- Born: 12 May 1976 (age 50)
- Education: Marlborough College
- Alma mater: Newcastle University
- Occupation: Banker
- Spouse: Sophie Johnstone
- Children: 3
- Parent(s): Timothy Tollemache, 5th Baron Tollemache Alexandra Meynell
- Relatives: Iain Johnstone (father-in-law)

= Edward Tollemache =

British aristocrat and banker (born 1976)

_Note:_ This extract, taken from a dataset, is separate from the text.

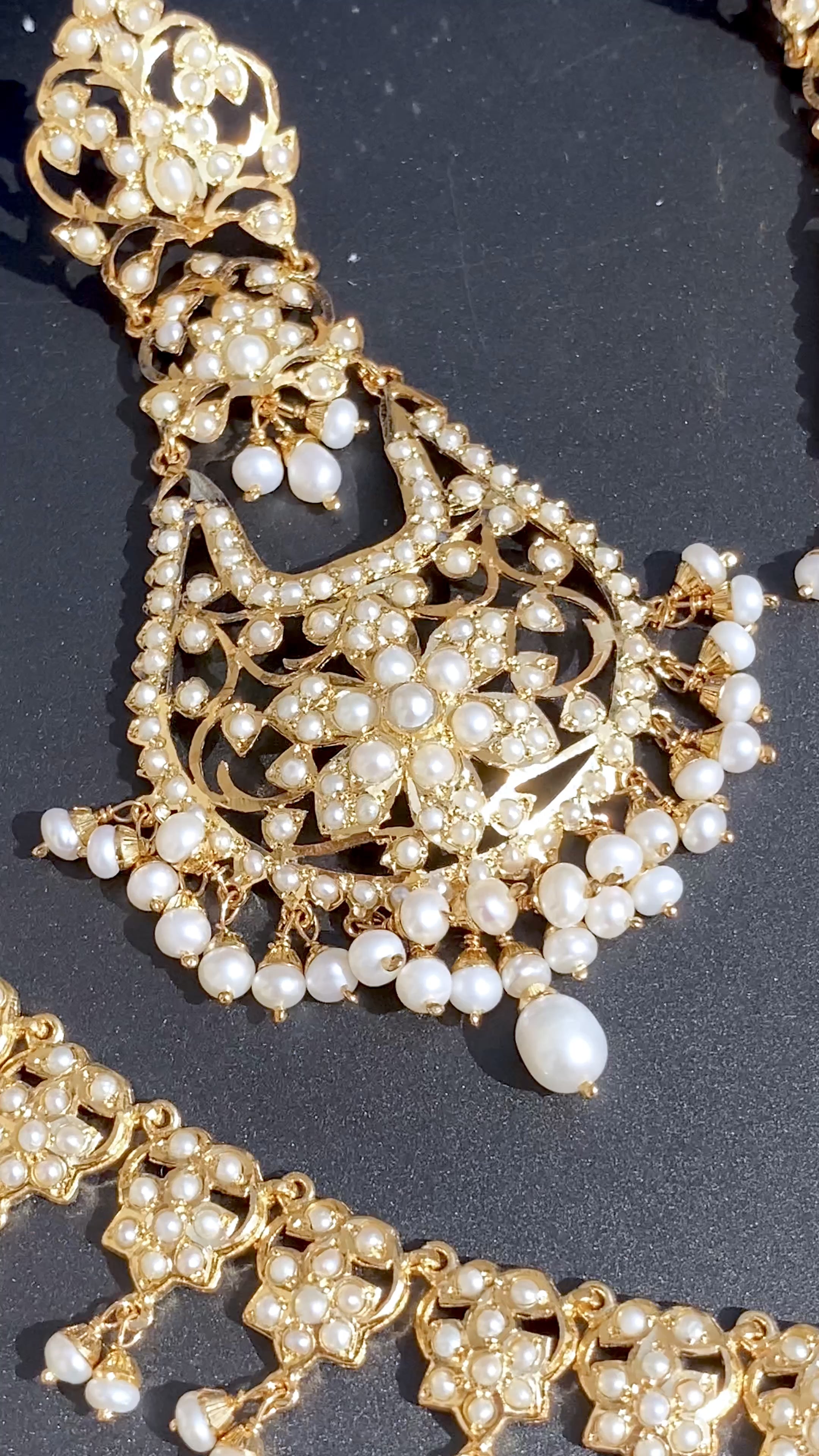Featured is a jadau necklace set studded with freshwater pearls.The necklace is supplied with a fancy tassel/dori and the earrings close with a bombay screw. You can upgrade the necklace to an adjustable length gold plated backchain for an additional Rs 1000.

Edward John Hugo Tollemache (born 12 May 1976) is a British aristocrat and banker.

==Early life==
Tollemache is the eldest son and heir apparent of Timothy Tollemache, 5th Baron Tollemache, and as the son of a baron can use the pre-nominal style of The Honourable. His mother is Alexandra, Lady Tollemache. Tollemache was christened at St. Mary's Church, Helmingham, with Charles, Prince of Wales, as a godparent and uncle Michael Tollemache acting as proxy for the Prince. From 1988 to 1990 he was a Page of Honour to The Queen. He was educated at Marlborough College (1991–1995). He graduated from Newcastle University with a degree in business management and marketing in 1999.

==Career==
Tollemache worked at Merrill Lynch between graduation and 2002. He worked for Fleming Family & Partners Asset Management from 2002 to 2012 as a fund manager. Since then, he has worked at Lord North Street.

==Personal life==
On 3 February 2007 Tollemache married Sophie Johnstone, daughter of the broadcaster Iain Johnstone, at St Columba's, Church of Scotland, Knightsbridge. The Prince of Wales and Andrew Neil were amongst guests at their wedding ceremony. The couple have two sons and a daughter.